• **WHAT IS EXPECTED**:
Keep the pictures out, please, and set down every record exactly.

• **SUPPLIED MATERIAL**:
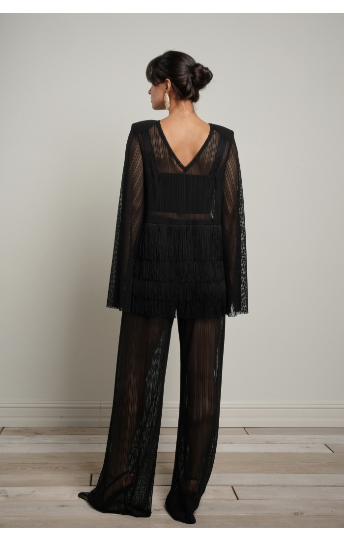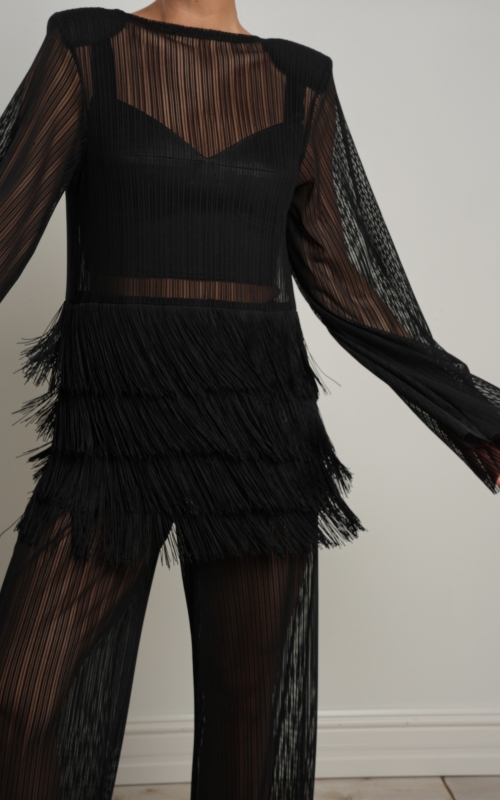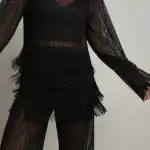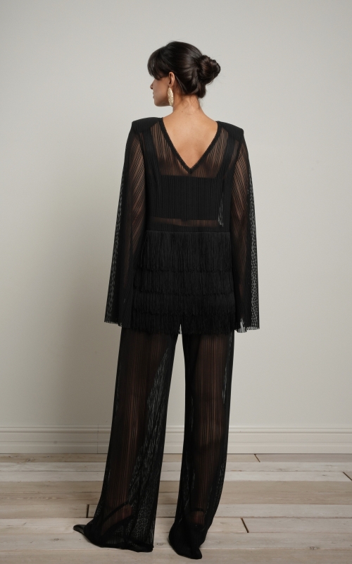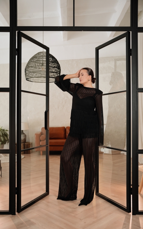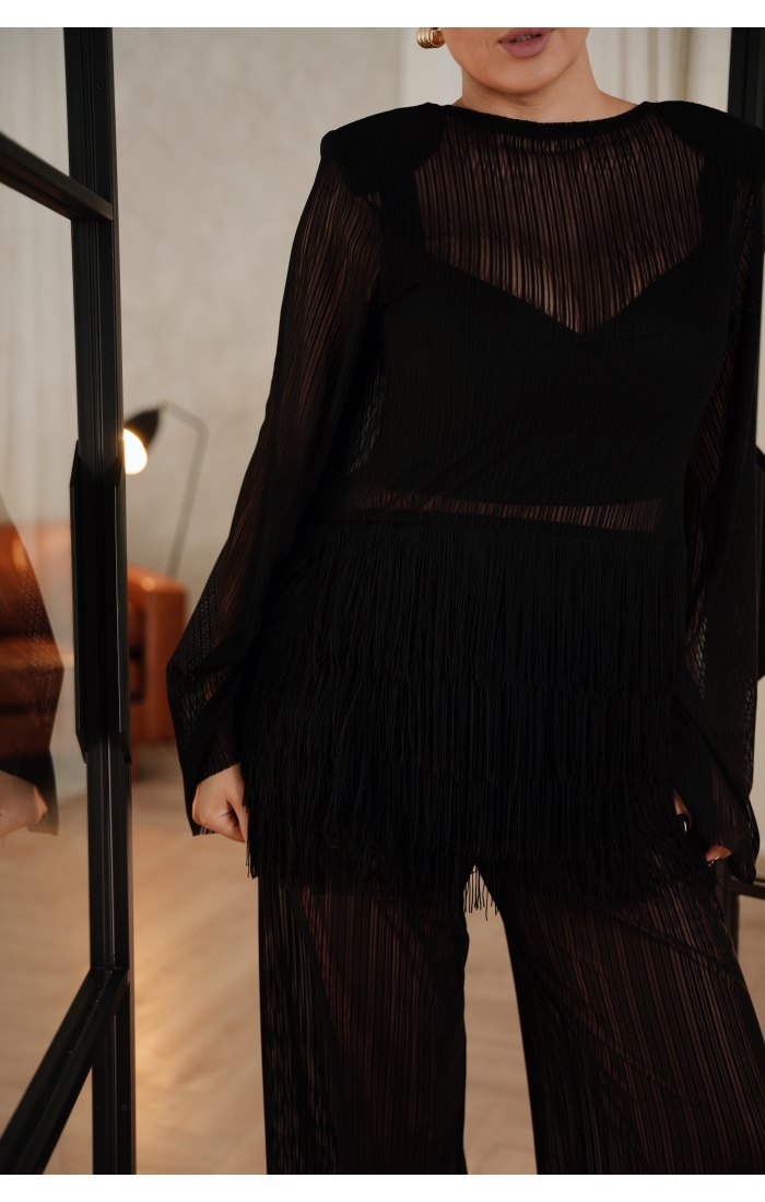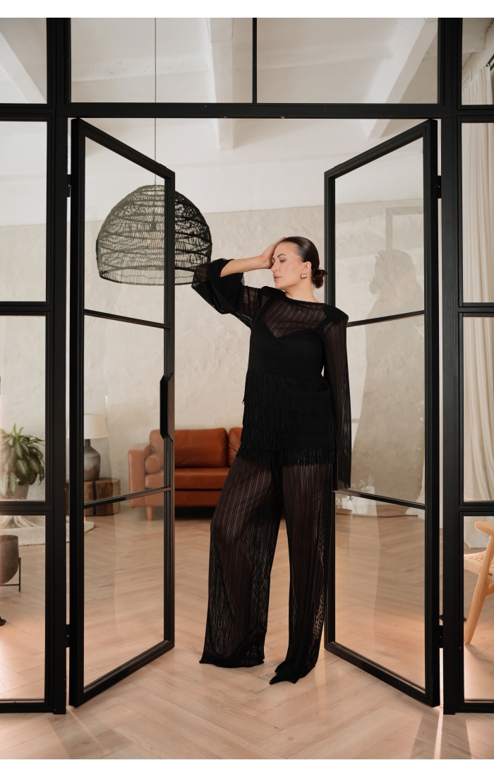 Особый акцент — декоративная бахрома. Четыре ряда бахромы расположены на уровне талии и мягко двигаются при ходьбе, создавая эффект живой динамики. Бахрома закреплена на атласной основе: это позволяет сохранить полупрозрачность ткани, но при этом деликатно прикрыть важные зоны — паховую область и линию бёдер.
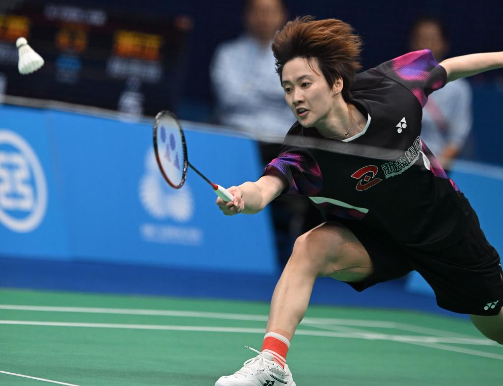 11月14日,浙江隊選手陳雨菲在女單比賽中回球。新華社記者 李紫恒 攝
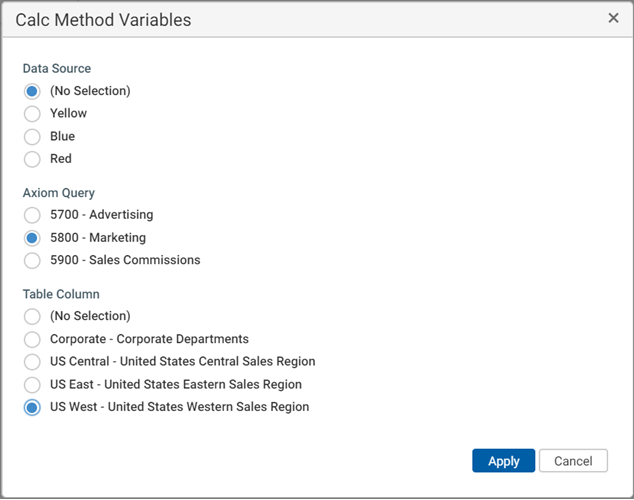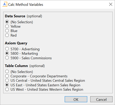 When the RadioButton variable is rendered in the Calc Method Variables dialog, the specified Axiom query is run in memory only (meaning, no values are populated within the sheet where the query is configured). The results of the query are used to generate the list of radio buttons.
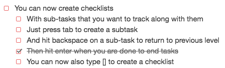 Checklists also support sub-tasks. Just press tab on a task and it'll automatically be indented. We support any number of levels of sub-tasks. Then just hit backspace to go back to the previous level. Or enter to end a checklist.
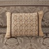 Elevate the ambiance of your room with our Luxurious Elegance 7-Piece Jacquard Comforter Set. Crafted with meticulous attention to detail, this set offers a sumptuous update to your current decor, turning your bedroom into a haven of opulence. The centerpiece of this ensemble is the polyester jacquard comforter and shams, which boast intricate leaf, striping, and ironwork motifs. These exquisite patterns add a touch of richness and sophistication to your decor, creating a captivating focal point in your bedroom. Pops of luster are thoughtfully incorporated throughout the collection, further enhancing the lavish feeling of your space. To add the perfect finishing touches, three decorative pillows are included. These pillows feature pleating and embroidery details that correspond harmoniously with the comforter's design, ensuring a cohesive and elegant appearance. A rich bedskirt completes the ensemble, expertly bringing the entire look together and providing a polished finish to your bedding setup. Indulge in the luxurious comfort and aesthetic appeal of our Luxurious Elegance 7-Piece Jacquard Comforter Set, and transform your bedroom into a sanctuary of opulent style and sophistication.
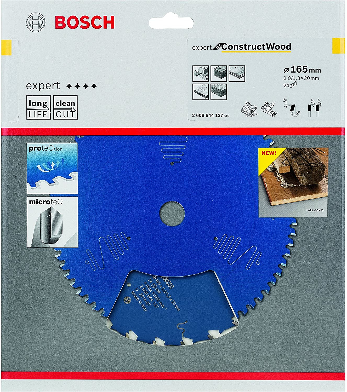 The Expert for Construct Wood Circular Saw Blade is strongly resistant when cutting construction wood. Its unique extra-hard Microteq teeth are produced in-house by Bosch from highly durable carbide grains, enabling high-performance cutting and a long lifetime. This is further supported by the blade´s combination of a special tooth design and a wide tooth spine. Furthermore, its specially designed anti-vibration slots enable particularly smooth cutting with considerably less noise and significantly reduced vibration. Additionally, the Expert for Construct Wood Circular Saw Blade features Proteqtion coating, which prevents corrosion and delivers reliable cutting while reducing friction. Use this saw blade in construction site timber with foreign bodies such as nails and concrete residues. It is compatible with plunge and hand-held saws. The Expert for Construct Wood Circular Saw Blade features an ATB (Alternate Top Bevel)+Pyramid tooth geometry for effortless cutting in construction wood with or without nails.
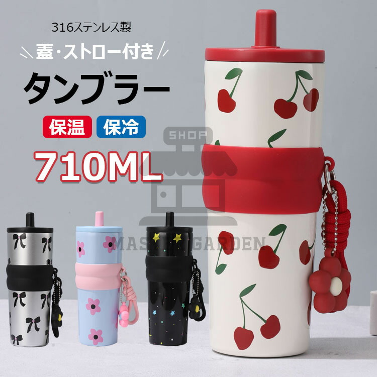 蓋 ストロー付き 保温保冷タンブラー 大容量710ml ステンレス製 再利用可能 漏れない ウォーターボトル ストラップ付き ポータブルコーヒーカップ 真空断熱タンブラー タンブラー 水筒 マグボトル
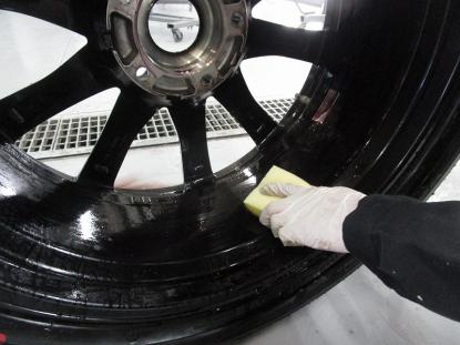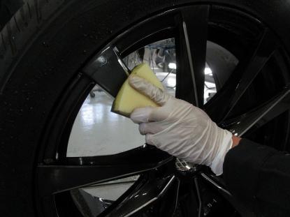 ホイールの水気を完全に取り除いてから、シリコンオフで十分に脱脂を行い専用のスポンジでコーティング剤を隅々まで塗っていきます。 |
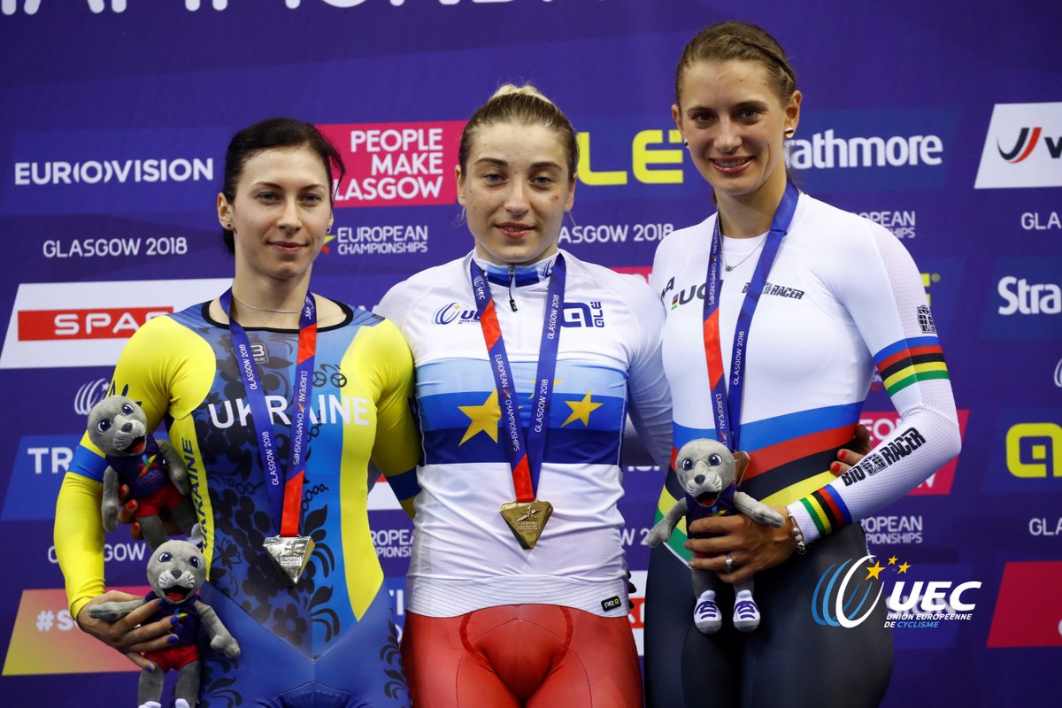 Pasando a la persecución femenina, sin presencia española, Lisa Brennauer y Katie Archibald protagonizaban una interesante final que la alemana ya había avisado de su estado de forma al marcar el mejor tiempo en la clasificatoria e impedir el que hubiera sido el quinto título consecutivo de la británica en la final directa, incluso con mejor marca: 3.26.879 a 3:29.577. El bronce, para la polaca Justyna Kaczkowska.
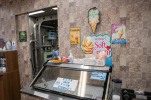 無料のランチとアイスクリーム 自販機飲料は50円で提供されています
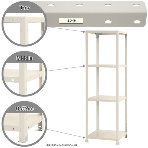 中段の変更が非常に簡単なスチールラックです。
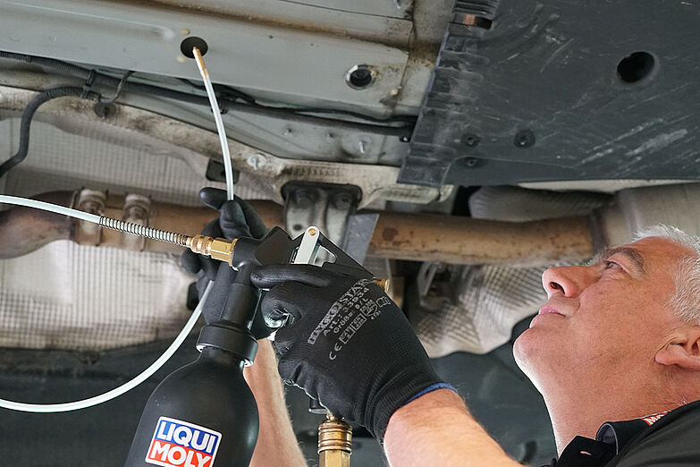 A proteção anticorrosão deve ser impreterivelmente efetuada por um profissional. Alguns tratamentos de superfície ou selagens de cavidades requerem meios e equipamento de oficina especiais, que só devem ser aplicados com a devida formação. A sua oficina de assistência LIQUI MOLY terá todo o gosto em aconselhá-lo e encontrar o pacote adequado para si.
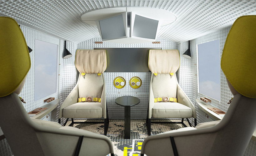 the interior is meant to break the boundaries of the standard VIP helicopter flight experience. in order to do so, the concept of ‘a statified world’ sees different aspects of design layered on top of one another, from interior architecture to the adaptation of home appliances such as LG’s curved LED TV technology to create an immersive total flying experience. their wide-reaching research saw the application of noise-absorbing paint, the construction of full-scale ergonomic mock-ups, carbon fiber armchairs, custom designed headphones, and important innovations such as the use of airbags to protect luggage in the hold.
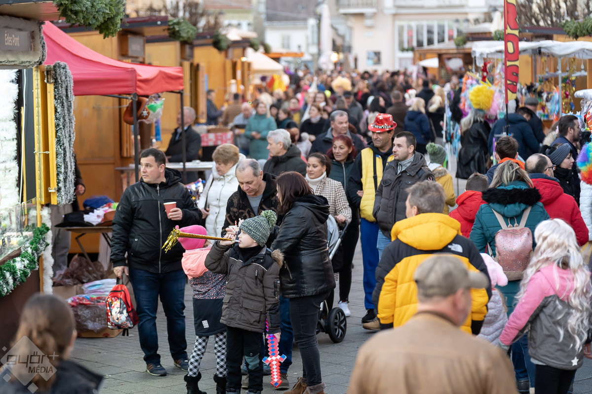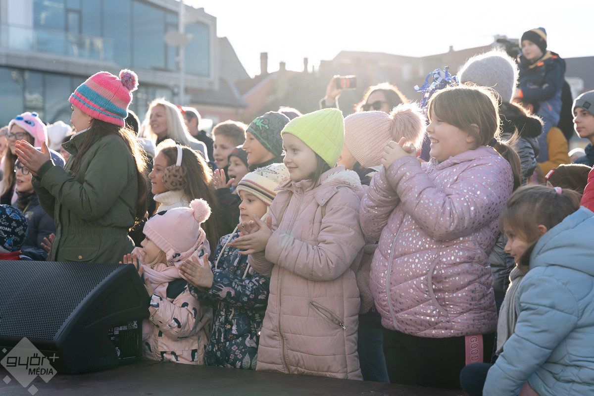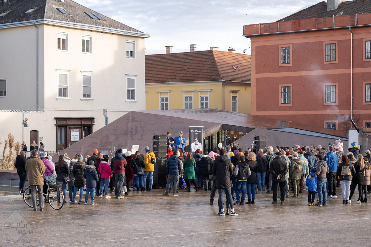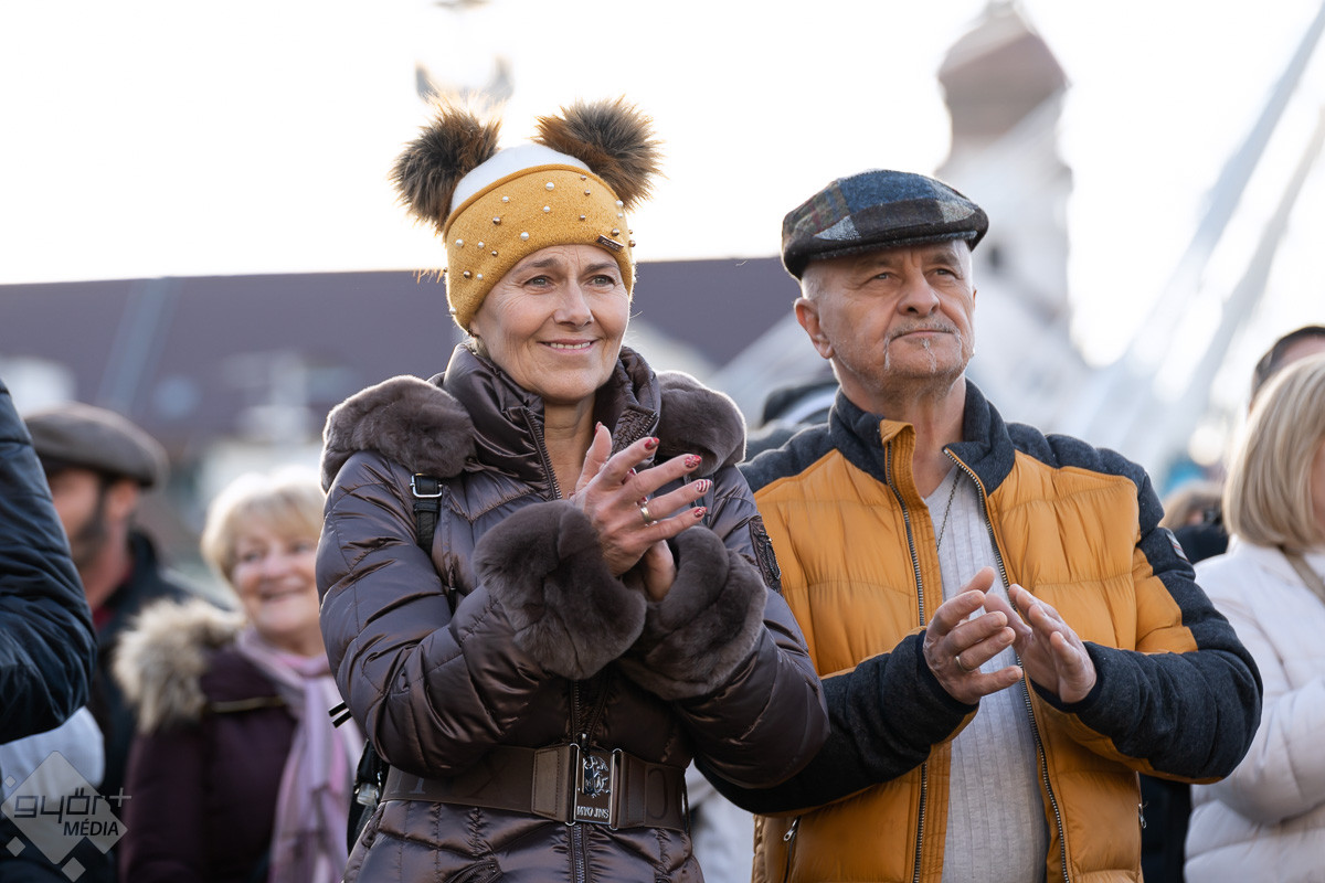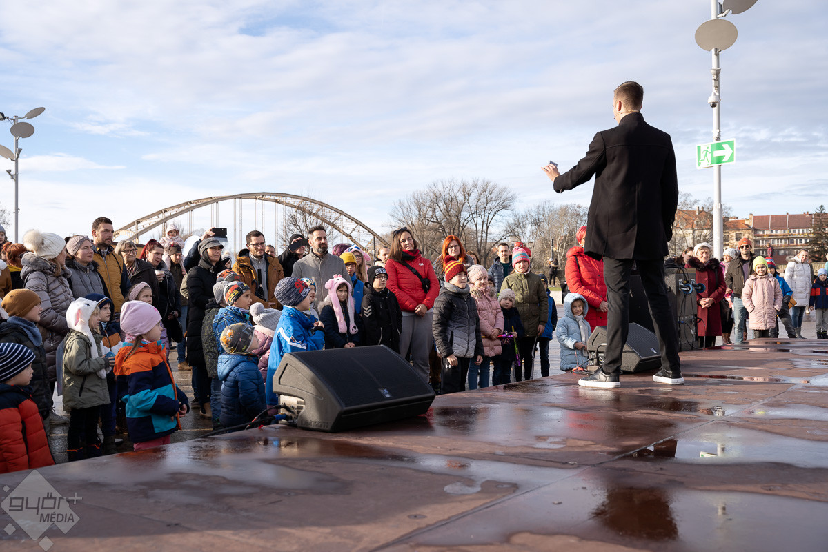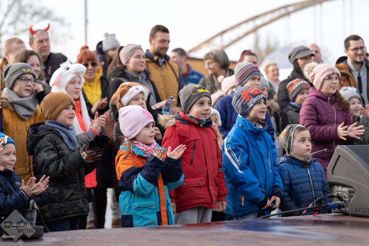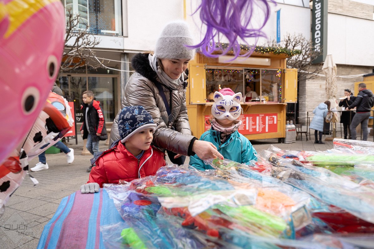 A Dunakapu téren is nagy volt a sürgés-forgás az év utolsó napjának délutánján, hiszen a színpadon előadók váltották egymást. A családoknak hirdettek programokat, s az idő is kegyes volt: szinte tavaszias levegőben szórakozhattak a kicsik és nagyobbak is.

• **ANSWER TO THIS TASK**:
 Особый акцент — декоративная бахрома. Четыре ряда бахромы расположены на уровне талии и мягко двигаются при ходьбе, создавая эффект живой динамики. Бахрома закреплена на атласной основе: это позволяет сохранить полупрозрачность ткани, но при этом деликатно прикрыть важные зоны — паховую область и линию бёдер.
 11月14日,浙江隊選手陳雨菲在女單比賽中回球。新華社記者 李紫恒 攝
 When the RadioButton variable is rendered in the Calc Method Variables dialog, the specified Axiom query is run in memory only (meaning, no values are populated within the sheet where the query is configured). The results of the query are used to generate the list of radio buttons.
 Checklists also support sub-tasks. Just press tab on a task and it'll automatically be indented. We support any number of levels of sub-tasks. Then just hit backspace to go back to the previous level. Or enter to end a checklist.
 Elevate the ambiance of your room with our Luxurious Elegance 7-Piece Jacquard Comforter Set. Crafted with meticulous attention to detail, this set offers a sumptuous update to your current decor, turning your bedroom into a haven of opulence. The centerpiece of this ensemble is the polyester jacquard comforter and shams, which boast intricate leaf, striping, and ironwork motifs. These exquisite patterns add a touch of richness and sophistication to your decor, creating a captivating focal point in your bedroom. Pops of luster are thoughtfully incorporated throughout the collection, further enhancing the lavish feeling of your space. To add the perfect finishing touches, three decorative pillows are included. These pillows feature pleating and embroidery details that correspond harmoniously with the comforter's design, ensuring a cohesive and elegant appearance. A rich bedskirt completes the ensemble, expertly bringing the entire look together and providing a polished finish to your bedding setup. Indulge in the luxurious comfort and aesthetic appeal of our Luxurious Elegance 7-Piece Jacquard Comforter Set, and transform your bedroom into a sanctuary of opulent style and sophistication.
 The Expert for Construct Wood Circular Saw Blade is strongly resistant when cutting construction wood. Its unique extra-hard Microteq teeth are produced in-house by Bosch from highly durable carbide grains, enabling high-performance cutting and a long lifetime. This is further supported by the blade´s combination of a special tooth design and a wide tooth spine. Furthermore, its specially designed anti-vibration slots enable particularly smooth cutting with considerably less noise and significantly reduced vibration. Additionally, the Expert for Construct Wood Circular Saw Blade features Proteqtion coating, which prevents corrosion and delivers reliable cutting while reducing friction. Use this saw blade in construction site timber with foreign bodies such as nails and concrete residues. It is compatible with plunge and hand-held saws. The Expert for Construct Wood Circular Saw Blade features an ATB (Alternate Top Bevel)+Pyramid tooth geometry for effortless cutting in construction wood with or without nails.
 蓋 ストロー付き 保温保冷タンブラー 大容量710ml ステンレス製 再利用可能 漏れない ウォーターボトル ストラップ付き ポータブルコーヒーカップ 真空断熱タンブラー タンブラー 水筒 マグボトル
 ホイールの水気を完全に取り除いてから、シリコンオフで十分に脱脂を行い専用のスポンジでコーティング剤を隅々まで塗っていきます。 |
 Pasando a la persecución femenina, sin presencia española, Lisa Brennauer y Katie Archibald protagonizaban una interesante final que la alemana ya había avisado de su estado de forma al marcar el mejor tiempo en la clasificatoria e impedir el que hubiera sido el quinto título consecutivo de la británica en la final directa, incluso con mejor marca: 3.26.879 a 3:29.577. El bronce, para la polaca Justyna Kaczkowska.
 無料のランチとアイスクリーム 自販機飲料は50円で提供されています
 中段の変更が非常に簡単なスチールラックです。
 A proteção anticorrosão deve ser impreterivelmente efetuada por um profissional. Alguns tratamentos de superfície ou selagens de cavidades requerem meios e equipamento de oficina especiais, que só devem ser aplicados com a devida formação. A sua oficina de assistência LIQUI MOLY terá todo o gosto em aconselhá-lo e encontrar o pacote adequado para si.
 the interior is meant to break the boundaries of the standard VIP helicopter flight experience. in order to do so, the concept of ‘a statified world’ sees different aspects of design layered on top of one another, from interior architecture to the adaptation of home appliances such as LG’s curved LED TV technology to create an immersive total flying experience. their wide-reaching research saw the application of noise-absorbing paint, the construction of full-scale ergonomic mock-ups, carbon fiber armchairs, custom designed headphones, and important innovations such as the use of airbags to protect luggage in the hold.
 A Dunakapu téren is nagy volt a sürgés-forgás az év utolsó napjának délutánján, hiszen a színpadon előadók váltották egymást. A családoknak hirdettek programokat, s az idő is kegyes volt: szinte tavaszias levegőben szórakozhattak a kicsik és nagyobbak is.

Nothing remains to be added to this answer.